▶ _About this task_:
Copy out the data below from the line containing "So, Ben's line is forced. 2 g6 Kf5 3 g7 Ke4" to the line containing "The hotel’s overall", both lines included, with all images left out.

[Collected data]
►

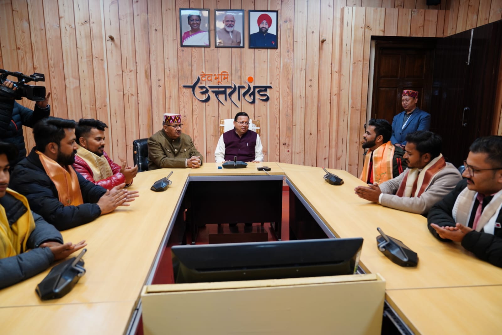 देहरादून : रविवार को मुख्यमंत्री पुष्कर सिंह धामी से मुख्यमंत्री आवास में उत्तराखण्ड के युवाकलाकार लोकगायक हरू जोशी, नीरज चुफाल के साथ कॉमेडियन सौरभ सिंह एवं सिनेमा जगत से विट्टू मंमगांई, अशुतोष कुमार, देवेन्द्र सिंह खोलिया तथा गौरव राणा ने भेंट की।
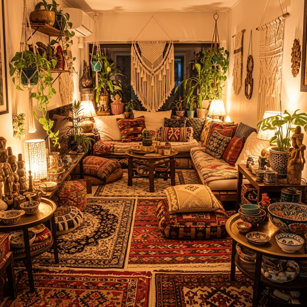Layer multiple rugs, pile pillows in various patterns, add macramé wall hangings, fill with plants, display collections. The abundant layering creates warm eclectic sanctuary.
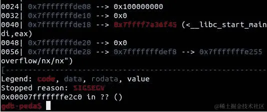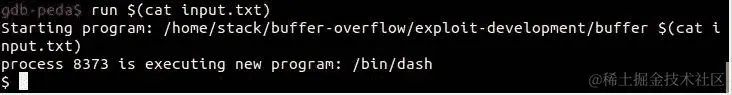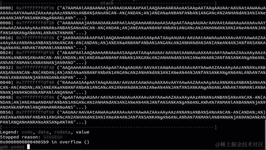 然后,在 GDB 中重新运行它并尝试我们的利用:
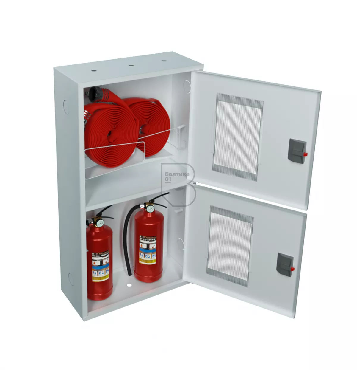 Шкаф ШПК-320-12 НОБ имеет в верхнем отсеке две кассеты (корзины), что позволяет подсоединять два крана с обеих сторон. Нижний отсек предназначен для хранения двух огнетушителей до 10 кг. Дверцы пожарного шкафа открываются на 160 градусов. Имеют запорное устройство в виде пластиковой защелки. На каждой дверце имеется смотровое окно со вставкой из поликарбоната.
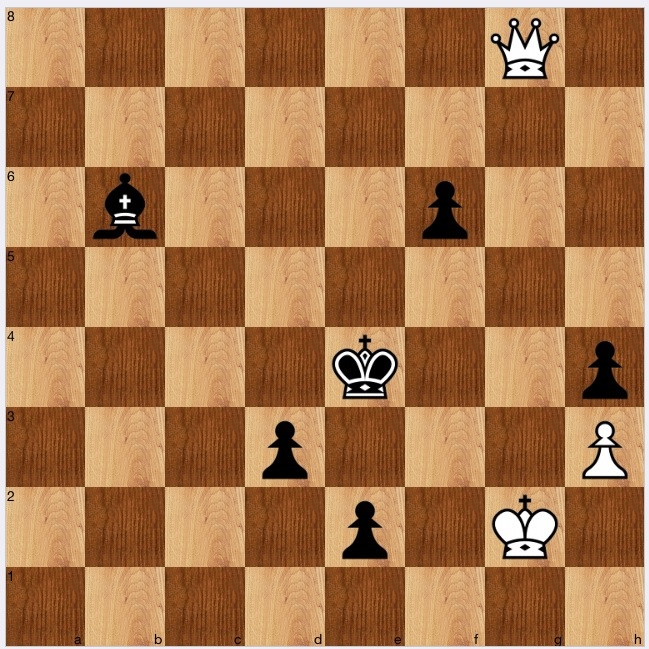 So, Ben's line is forced. 2 g6 Kf5 3 g7 Ke4
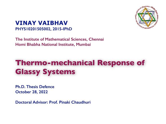 Institute of Mathematical Sciences, Chennai Homi Bhabha National Institute, Mumbai Ph.D. Thesis Defence October 28, 2022 Doctoral Advisor: Prof. Pinaki Chaudhuri
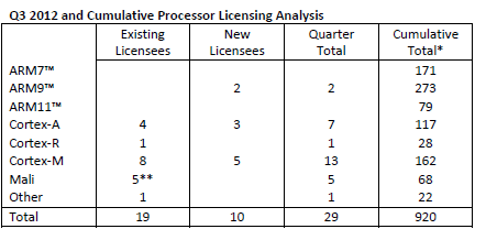 ARM also signed 5 licenses for its Mali graphics processors. Three of the five licenses were with companies taking their first Mali license from ARM.
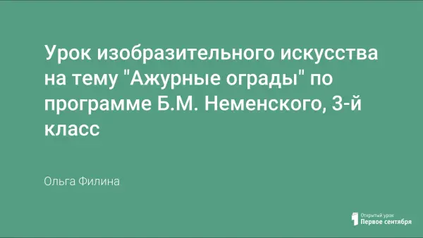 Конспект занятия рассказывает о том, каким ярким и интересным может быть урок по изобразительному искусству: ведь на занятии ребята совершают виртуальное путешествие по разным городам и странам. Главная задача - развитие у ребят умения видеть и ценить труд художников, создавших неповторимый облик городов. На этом уроке школьники создают макет ажурной ограды, беря за основу свою фантазию и природные аналоги.
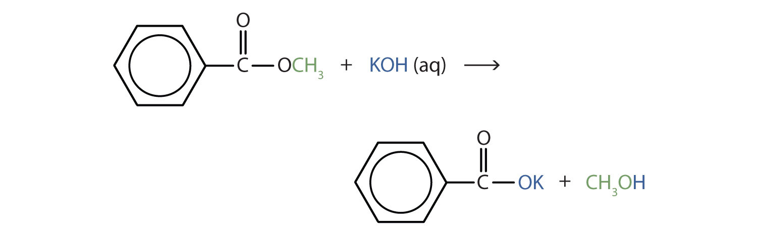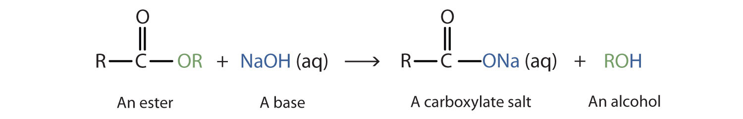 When a base (such as sodium hydroxide [NaOH] or potassium hydroxide [KOH]) is used to hydrolyze an ester, the products are a carboxylate salt and an alcohol. Because soaps are prepared by the alkaline hydrolysis of fats and oils, alkaline hydrolysis of esters is called saponificationThe hydrolysis of fats and oils in the presence of a base to make soap. (Latin sapon, meaning “soap,” and facere, meaning “to make”). In a saponification reaction, the base is a reactant, not simply a catalyst. The reaction goes to completion:
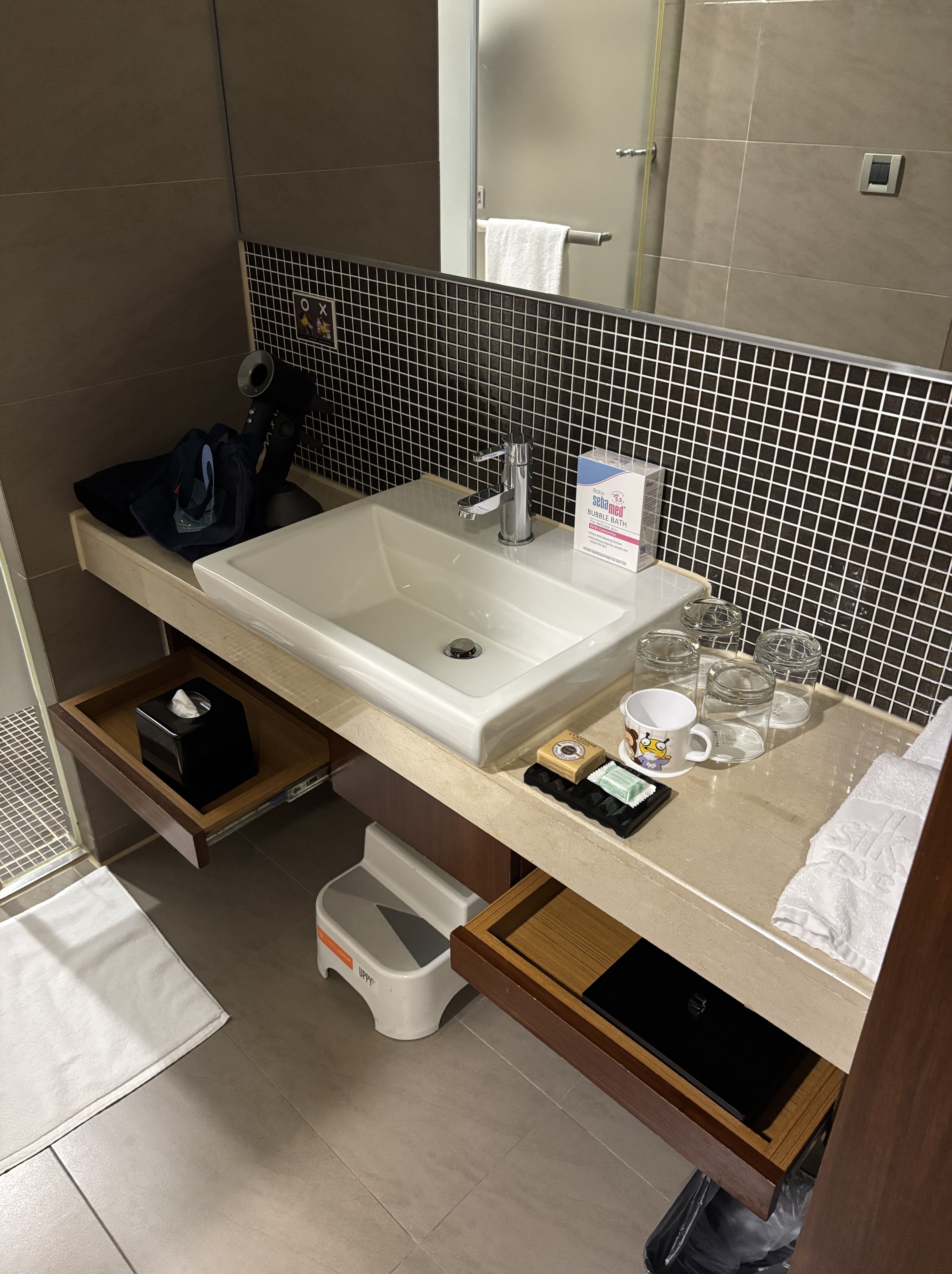 The hotel’s overall decor does feel a little dated, but it’s clear they’ve leaned hard into being family-friendly — layering in all these thoughtful details that genuinely make travelling with kids easier and more enjoyable.
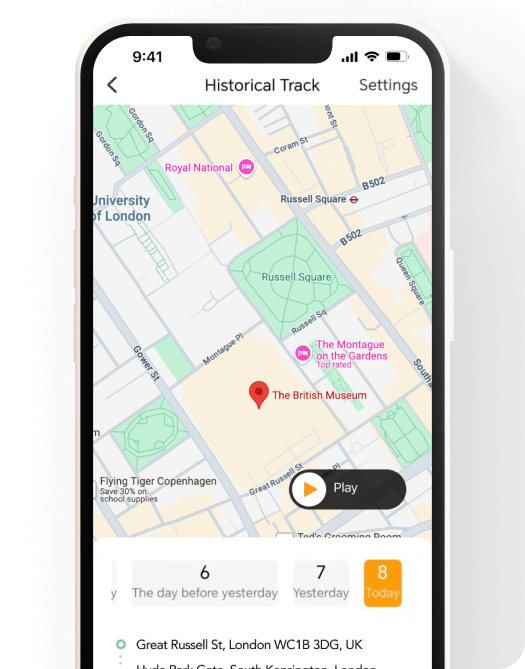 Even when you’re not with your child, the imoo app lets you keep track of their daily journeys. With a 14-day location history, you can see where they’ve been each day and stay connected to their world.
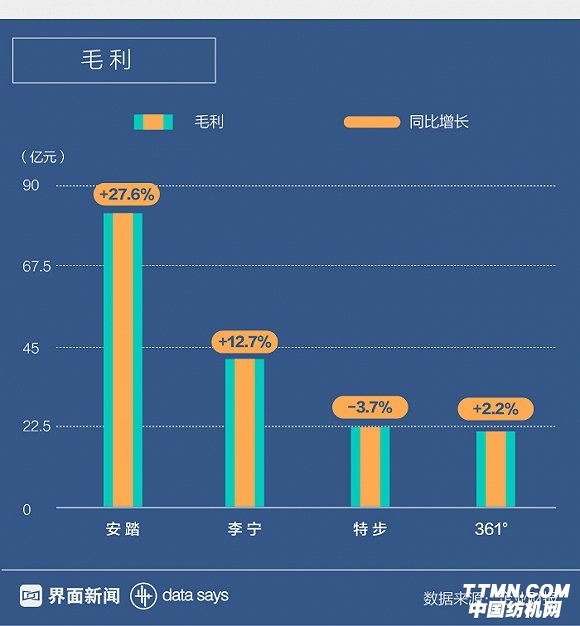 安踏、李宁、特步和361°的毛利,分别为82.41亿元、41.76亿元、22.45亿元和21.56亿元。同样受到战略转型的成本因素影响,特步是唯一出现毛利下滑的品牌。
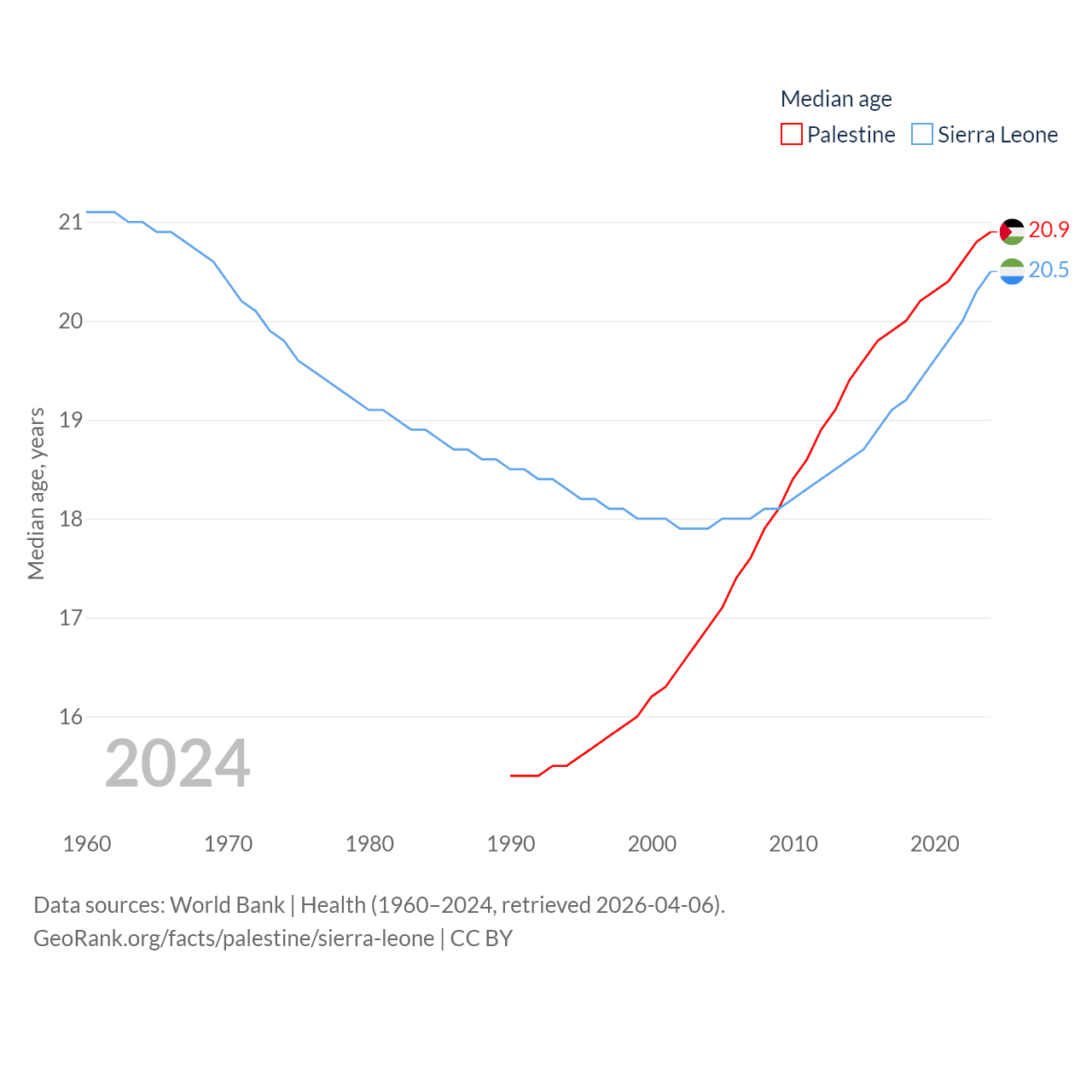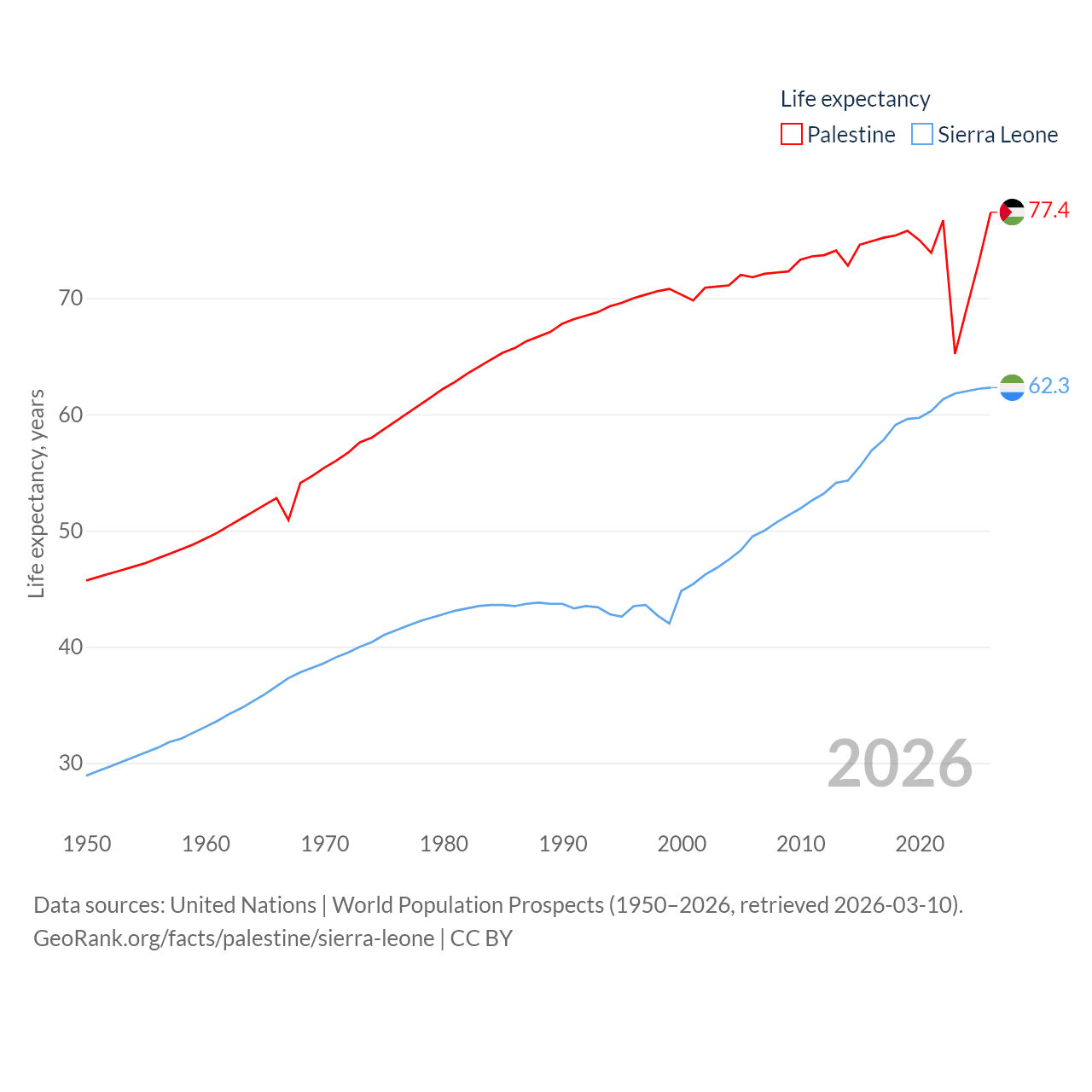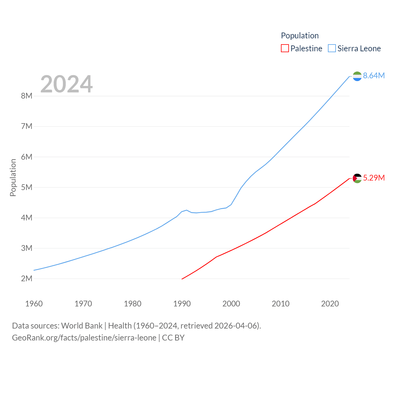 Palestine has a population of 5.29M (ranked 122/197), compared with 8.64M in Sierra Leone (ranked 102/197). Palestine's land area is 2,326 sq mi versus 27,869 sq mi for Sierra Leone (ranked 164th vs. 116th).
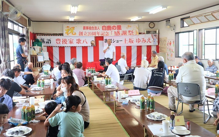 令和7年9月28日(日曜日)、千歳町・柴山公民館で、農事組合法人白鹿の里・創立20周年記念「感謝祭」が開催されました。
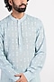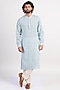 Featuring an icy blue kurta in linen base with cross pearl embroidery. It is paired with a silk scarf having tassels on the borders.
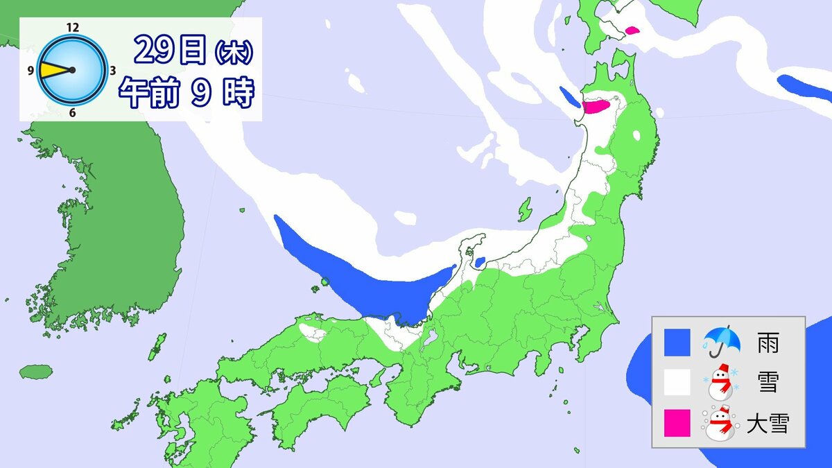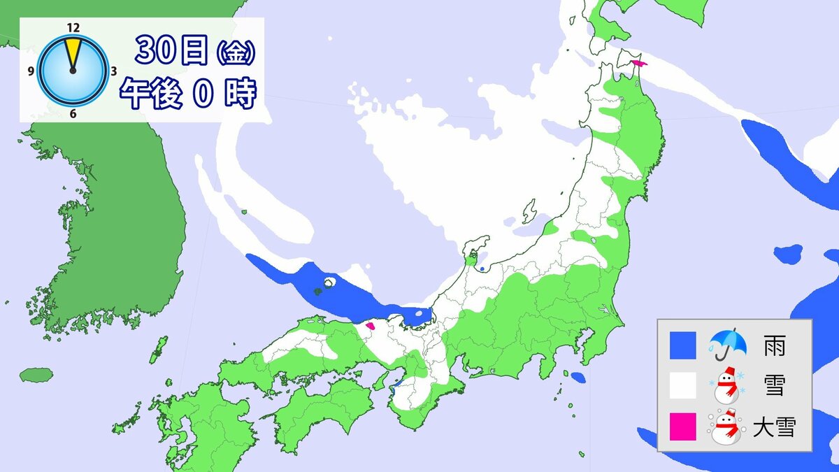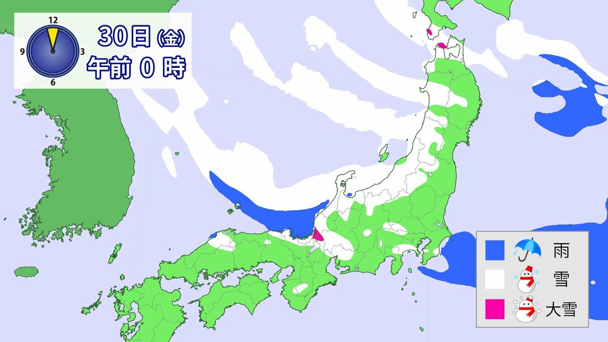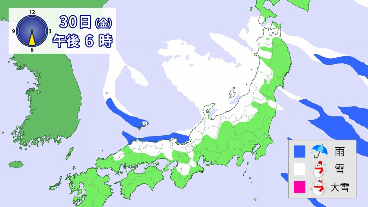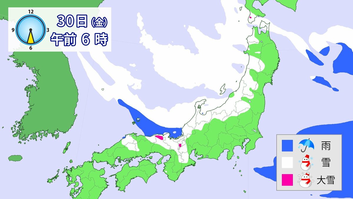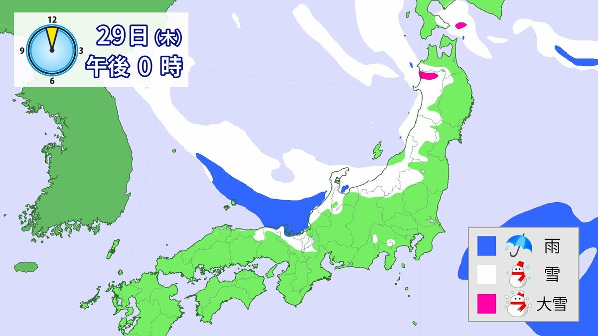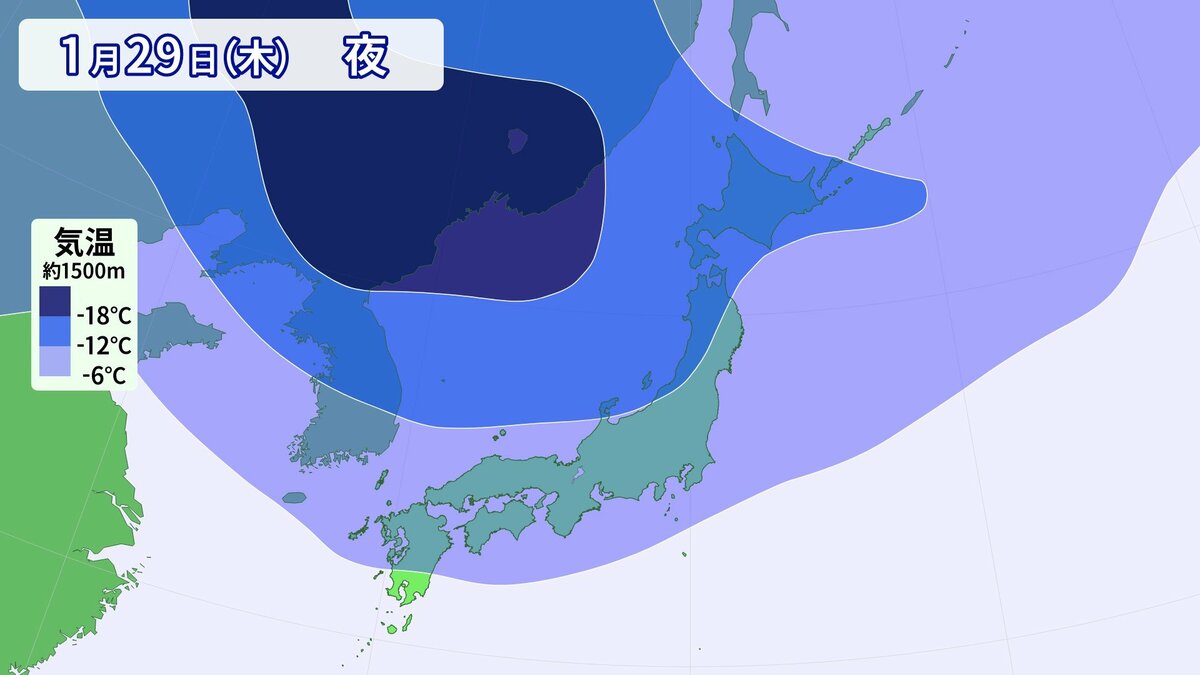 気象庁によりますと、日本付近は29日から30日頃にかけて強い冬型の気圧配置となり、北陸地方の上空約5500mには-36℃以下の強い寒気が流れ込むでしょう。

◄

▶ _Result_:
 So, Ben's line is forced. 2 g6 Kf5 3 g7 Ke4
 Institute of Mathematical Sciences, Chennai Homi Bhabha National Institute, Mumbai Ph.D. Thesis Defence October 28, 2022 Doctoral Advisor: Prof. Pinaki Chaudhuri
 ARM also signed 5 licenses for its Mali graphics processors. Three of the five licenses were with companies taking their first Mali license from ARM.
 Конспект занятия рассказывает о том, каким ярким и интересным может быть урок по изобразительному искусству: ведь на занятии ребята совершают виртуальное путешествие по разным городам и странам. Главная задача - развитие у ребят умения видеть и ценить труд художников, создавших неповторимый облик городов. На этом уроке школьники создают макет ажурной ограды, беря за основу свою фантазию и природные аналоги.
 When a base (such as sodium hydroxide [NaOH] or potassium hydroxide [KOH]) is used to hydrolyze an ester, the products are a carboxylate salt and an alcohol. Because soaps are prepared by the alkaline hydrolysis of fats and oils, alkaline hydrolysis of esters is called saponificationThe hydrolysis of fats and oils in the presence of a base to make soap. (Latin sapon, meaning “soap,” and facere, meaning “to make”). In a saponification reaction, the base is a reactant, not simply a catalyst. The reaction goes to completion:
 The hotel’s overall decor does feel a little dated, but it’s clear they’ve leaned hard into being family-friendly — layering in all these thoughtful details that genuinely make travelling with kids easier and more enjoyable.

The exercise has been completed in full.